Nicola Sturgeon announces shock resignation as First Minister, saying ‘the time is now’
Nicola Sturgeon has announced she will stand down after eight years as First Minister, telling a press conference “the time is now”.
In a shock announcement on Wednesday, the SNP leader said she was not reacting to “short-term pressures” after a series of political setbacks.
The longest-serving – and first female – First Minister told a hastily arranged press conference she will remain in office while the SNP selects her successor.
“In my head and in my heart I know that time is now. That it’s right for me, for my party and my country,” she said.
Ms Sturgeon, who guided the nation through the coronavirus pandemic and led the SNP to repeated election victories at UK, Scottish and local level, acknowledged the “physical and mental impact” of the role.
“If the question is: can I battle on for another few months?

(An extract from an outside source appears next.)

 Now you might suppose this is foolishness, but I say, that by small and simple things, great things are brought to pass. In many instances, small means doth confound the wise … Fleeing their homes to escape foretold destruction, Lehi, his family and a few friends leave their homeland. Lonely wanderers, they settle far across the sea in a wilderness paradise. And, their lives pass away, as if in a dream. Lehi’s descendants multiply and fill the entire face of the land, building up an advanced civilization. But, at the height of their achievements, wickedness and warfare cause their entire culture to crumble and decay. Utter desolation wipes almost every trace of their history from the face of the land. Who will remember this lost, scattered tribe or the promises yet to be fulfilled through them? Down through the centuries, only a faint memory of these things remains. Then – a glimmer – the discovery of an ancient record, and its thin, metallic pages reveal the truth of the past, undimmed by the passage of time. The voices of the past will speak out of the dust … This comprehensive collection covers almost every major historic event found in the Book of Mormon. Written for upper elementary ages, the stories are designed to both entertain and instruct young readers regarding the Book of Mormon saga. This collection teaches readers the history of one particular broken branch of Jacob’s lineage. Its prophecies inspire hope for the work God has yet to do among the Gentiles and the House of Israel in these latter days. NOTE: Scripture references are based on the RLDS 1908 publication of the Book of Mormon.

Then the answer is yes, of course I can,” the 52-year-old said.
“Since my very first moments in the job I have believed a part of serving well would be to know almost instinctively when the time is right to make way for someone else,” she said from her residence at Bute House in Edinburgh.
“But if the question is: can I give this job everything it demands and deserves for another year, let alone for the remainder of this parliamentary term, give it every ounce of energy that it needs in the way that I have strived to do every day for the last eight years? The answer honestly is different.”

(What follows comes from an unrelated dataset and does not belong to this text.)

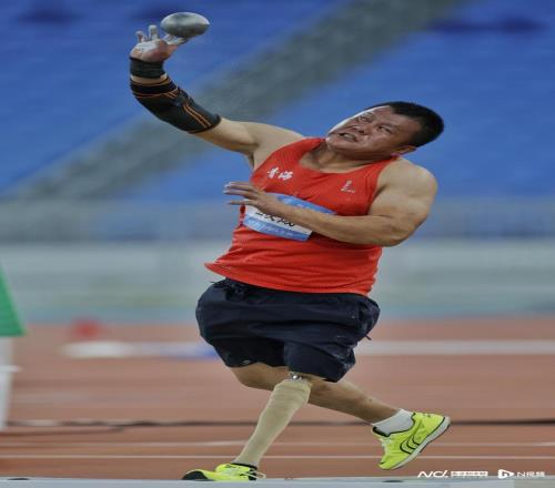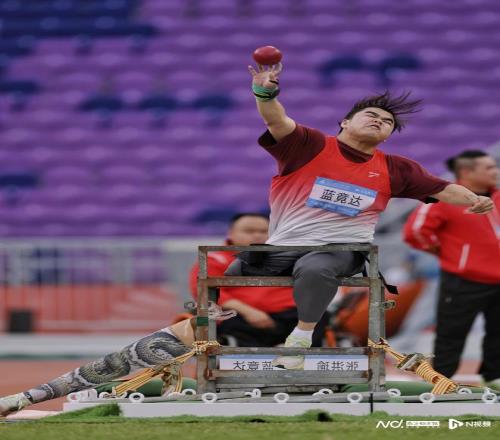 男子铅球F57级决赛,广西运动员蓝竟达。

The First Minister has suffered a series of political challenges in recent months as her Government sought to push through gender reforms, only for them to be blocked by Westminster.

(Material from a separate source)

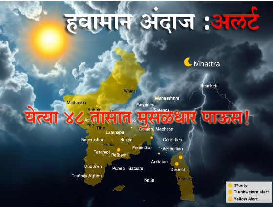 - विजांसह हलक्या सरींची शक्यता (येलो अलर्ट):

She insisted the row surrounding a transgender double rapist being sent to a women’s jail “wasn’t the final straw”, but said it is “time for someone else” to lead the party.
Ms Sturgeon acknowledged the “choppy waters” but insisted her resignation was not in response to the “latest period of pressure”.
“This decision comes from a deeper and longer-term assessment,” she said.
Ms Sturgeon rose to power unopposed after the independence referendum in 2014, in which the electorate vote to remain in the UK. She took over from Alex Salmond, the political mentor with whom she would come into conflict in the years to come over the handling of sexual harassment allegations made against him.
Last year the UK’s Supreme Court ruled that the Scottish Government does not have the power to hold another independence referendum, as Westminster blocked the move.
Her surprise exit led political commentators to draw parallels with the sudden resignation last month of Jacinda Ardern as New Zealand’s prime minister.
Ms Sturgeon had planned to fight the next general election as a de facto referendum on Scottish independence, but her exit now raises questions about the immediate future of the cause itself.
But she vowed to continue as an MSP on the backbenches at Holyrood and said her life-long cause of independence is “being won”.
Ms Sturgeon refused to answer questions about whether she had been interviewed – or expects to be questioned – in a police inquiry into £600,000 of party funds raised from members to fight an independence campaign.
Prime Minister Rishi Sunak thanked Ms Sturgeon for her “long-standing service”, while his Scottish Secretary, Alister Jack, said Ms Sturgeon had been a “formidable politician”.
But Mr Jack added: “Her resignation presents a welcome opportunity for the Scottish Government to change course, and to drop its divisive obsession with independence.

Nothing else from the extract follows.